Example: /api/users/:id

express.route.full

This attribute will always contain the entire path. The part of the path that has been consumed by express will be shown as is (parameterized), and the leftover will be concatenated after (due to early termination or middleware that accept any path).

Example: /api/users/:id/books/758734 (The :id part was consumed, but the bookid part was not).

express.route.configured

This attribute is relevant when user configures multi path options for the same middleware. It reduces even further the cardinality space compared to http.route, and supply more info about how the app routing works.

Example: /api["/foo", /"bar"] - meaning that the same endpoint is triggered by routes /api/foo and /api/bar.

express.route.params

This attribute holds a json stringified map, where the keys are the url path param names, and the values are the matched params from the actual url.

Example: {"id":"1234"}.

express.unhandled

Set to true when request was not handled by any middleware in express, and got fallback to the default app finalhandler. This can happen if client sent request with invalid path or method (resulting in 404). This can be useful to filter out requests from internet bots which try to call common routes on servers.

express.instrumentation.errors

In case of internal error in instrumentation, this attribute will contain the error description. There are no known valid use cases which are expected to produce this attribute.

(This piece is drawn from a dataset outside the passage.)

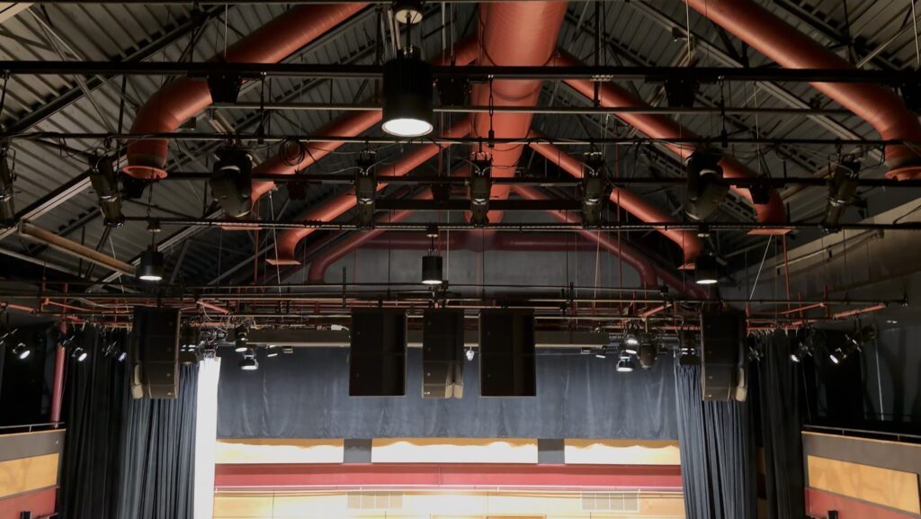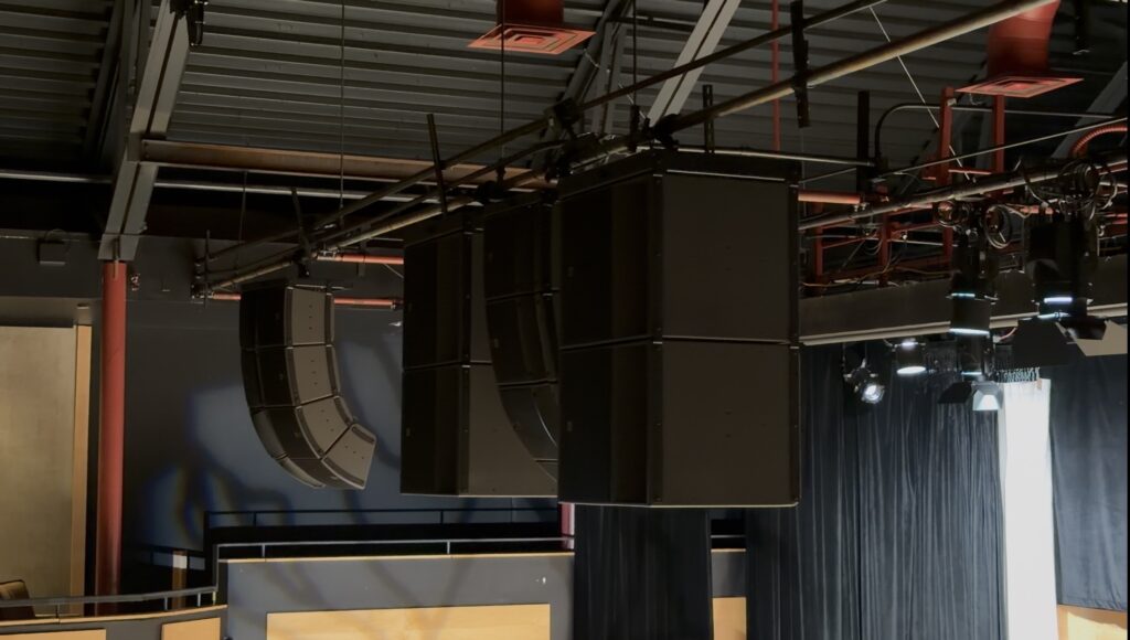 The final installation featured a sophisticated audio and lighting system designed for optimal performance and control. The sound system consisted of a Left, Center, and Right Line Array, each utilizing two L-Acoustic A10i Focus speakers and two A10i Wide speakers. Supporting low-end frequencies were four L-Acoustic KS21i subwoofers, strategically stacked stage left and stage right at house center. For delay fills, we deployed four L-Acoustics 5XT units to ensure clear sound coverage throughout the auditorium. To power this system, is the L-Acoustic LA4X Amplifier, the LA7.16i Amp Controller, and an LS10 10-port AVB Switch at Front of House. This system was designed, flown, and tuned with the utmost of precision to ensure pristine audio quality for optimal performance & longevity.

Difference from @opentelemetry/instrumentation-express

  • This instrumentation is focusing on extracting the most accurate and complete route data, in any valid express edge case. Contrib instrumentation does a good job for common cases, but miss nuances on complex setups.
  • This instrumentation create a single span per request. Contrib instrumentation creates span per express Router/Route, which can be useful to observe express internal components, with the cost of more spans in each trace.
  • Set few alternatives for route attribute, each with different level of cardinality vs accuracy.
  • Allows to set requestHook for adding custom attributes to span, as well as ability to capture express version into user defined attribute.
  • Distinguish between handled requests (ended from user middleware), and unhandled (terminated from express built in 'finalhandler').